AO: Isn’t it awesome and empowering? It’s nice to feel like we’re taking over in a way [LAUGHS]. It’s weird, it’s got to be a combination of factors. I could lay out all sorts of socio-political reasons that I think embracing themes of mysticism and magic might be appealing to our generation but I think we live in this hyper-digital, hyper-compartmentalised, hyper-rational automated age and so the occult seems like the ultimate escape from that, the ultimate foil to our realities. I feel there is something to be said about why this is popular now, but that being said, we’ve been a band for ten years so it’s been interesting to have been there early on when there weren’t a lot of people doing this and now to see a global scene emerge where people are all looking back to the same musical eras, drawing influences from similar artists, being inspired by similar films and works of literature and ideas and mythological tales. It’s very interesting to see this really balloon and become a genre. And then to see a band like Ghost win a Grammy and be on the Colbert Report, it’s all very surreal and incredible.
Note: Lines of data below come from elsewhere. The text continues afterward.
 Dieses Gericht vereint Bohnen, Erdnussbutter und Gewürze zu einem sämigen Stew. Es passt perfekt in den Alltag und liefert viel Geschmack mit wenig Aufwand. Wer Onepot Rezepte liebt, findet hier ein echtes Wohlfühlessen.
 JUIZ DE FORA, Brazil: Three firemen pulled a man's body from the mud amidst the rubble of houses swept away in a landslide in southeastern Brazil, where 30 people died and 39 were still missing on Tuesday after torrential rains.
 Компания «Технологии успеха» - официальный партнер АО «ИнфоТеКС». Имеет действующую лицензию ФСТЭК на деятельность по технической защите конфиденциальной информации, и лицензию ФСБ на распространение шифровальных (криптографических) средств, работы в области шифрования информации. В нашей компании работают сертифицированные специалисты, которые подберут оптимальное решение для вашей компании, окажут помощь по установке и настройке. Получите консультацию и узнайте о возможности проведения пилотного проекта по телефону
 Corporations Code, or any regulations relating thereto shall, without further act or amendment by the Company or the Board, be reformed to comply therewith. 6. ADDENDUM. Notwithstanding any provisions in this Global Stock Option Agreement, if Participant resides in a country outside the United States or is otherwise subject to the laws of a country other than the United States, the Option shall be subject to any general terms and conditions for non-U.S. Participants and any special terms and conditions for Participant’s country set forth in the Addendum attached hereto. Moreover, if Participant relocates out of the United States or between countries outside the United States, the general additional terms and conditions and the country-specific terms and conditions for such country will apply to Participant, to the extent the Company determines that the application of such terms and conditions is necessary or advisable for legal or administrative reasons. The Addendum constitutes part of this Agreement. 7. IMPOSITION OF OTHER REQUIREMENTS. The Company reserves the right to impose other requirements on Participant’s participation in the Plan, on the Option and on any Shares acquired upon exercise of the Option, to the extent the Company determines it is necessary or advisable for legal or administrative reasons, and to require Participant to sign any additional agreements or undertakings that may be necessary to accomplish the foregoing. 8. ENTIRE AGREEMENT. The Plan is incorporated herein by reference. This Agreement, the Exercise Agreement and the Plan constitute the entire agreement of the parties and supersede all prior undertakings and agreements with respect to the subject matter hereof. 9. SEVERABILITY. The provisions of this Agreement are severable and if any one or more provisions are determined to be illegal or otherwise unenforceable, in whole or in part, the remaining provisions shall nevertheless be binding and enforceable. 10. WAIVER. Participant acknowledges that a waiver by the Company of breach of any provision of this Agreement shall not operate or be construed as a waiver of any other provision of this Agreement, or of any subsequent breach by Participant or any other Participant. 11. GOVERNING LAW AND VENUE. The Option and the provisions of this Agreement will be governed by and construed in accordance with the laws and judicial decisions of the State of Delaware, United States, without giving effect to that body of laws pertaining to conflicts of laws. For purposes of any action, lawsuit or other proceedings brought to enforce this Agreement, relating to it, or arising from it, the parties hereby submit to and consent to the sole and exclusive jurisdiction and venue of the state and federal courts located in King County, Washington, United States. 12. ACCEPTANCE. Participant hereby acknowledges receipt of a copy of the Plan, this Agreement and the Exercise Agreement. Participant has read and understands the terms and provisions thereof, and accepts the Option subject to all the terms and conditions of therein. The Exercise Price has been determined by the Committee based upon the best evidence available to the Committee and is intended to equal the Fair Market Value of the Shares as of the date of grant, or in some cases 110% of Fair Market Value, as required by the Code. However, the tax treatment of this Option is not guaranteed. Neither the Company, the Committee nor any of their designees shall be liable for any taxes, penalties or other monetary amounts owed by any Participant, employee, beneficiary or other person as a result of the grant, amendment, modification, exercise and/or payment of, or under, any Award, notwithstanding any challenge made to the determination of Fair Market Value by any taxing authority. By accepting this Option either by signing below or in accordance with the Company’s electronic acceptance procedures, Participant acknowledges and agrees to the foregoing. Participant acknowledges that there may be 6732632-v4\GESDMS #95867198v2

It’s funny and it’s great, because we had our inspirations in the early days too, we were looking to Electric Wizard and Witchcraft. I think it’s great when people draw influence from currently active acts and honour their sources of inspiration.

Last time we spoke you were doing a masters, is Blood Ceremony now your full-time focus?

AO: I was doing my masters in ethnomusicology, the anthropological study of music and I’m now going my PHD on the sonic geography of sounds amongst Muslim groups in the Toronto area. I’m interested in things like silence and the voice, who gets to use their voice, where and when? It keeps me grounded and takes me outside the realm of music and sound I’m familiar with. In a way my research and my studies keep it real and help me get outside of myself and my own tastes, which I think is really healthy and which was maybe part of a motivating force for me to write some songs that were not necessarily proto-typical Blood Ceremony songs for this album.

Sounds incredible, yet you’ve found time to tour. You’re heading to Europe next month, is that right?

AO: It’s weirdly soon. How the time flies. We’re doing a pretty short tour actually, which is good and bad. We won’t make as much money obviously but we’ll be able to enjoy ourselves and not get too tuckered out. We’re doing some club dates and then we finish up at Desertfest in London. It will be the triumphant conclusion to our first Lord Of Misrule tour.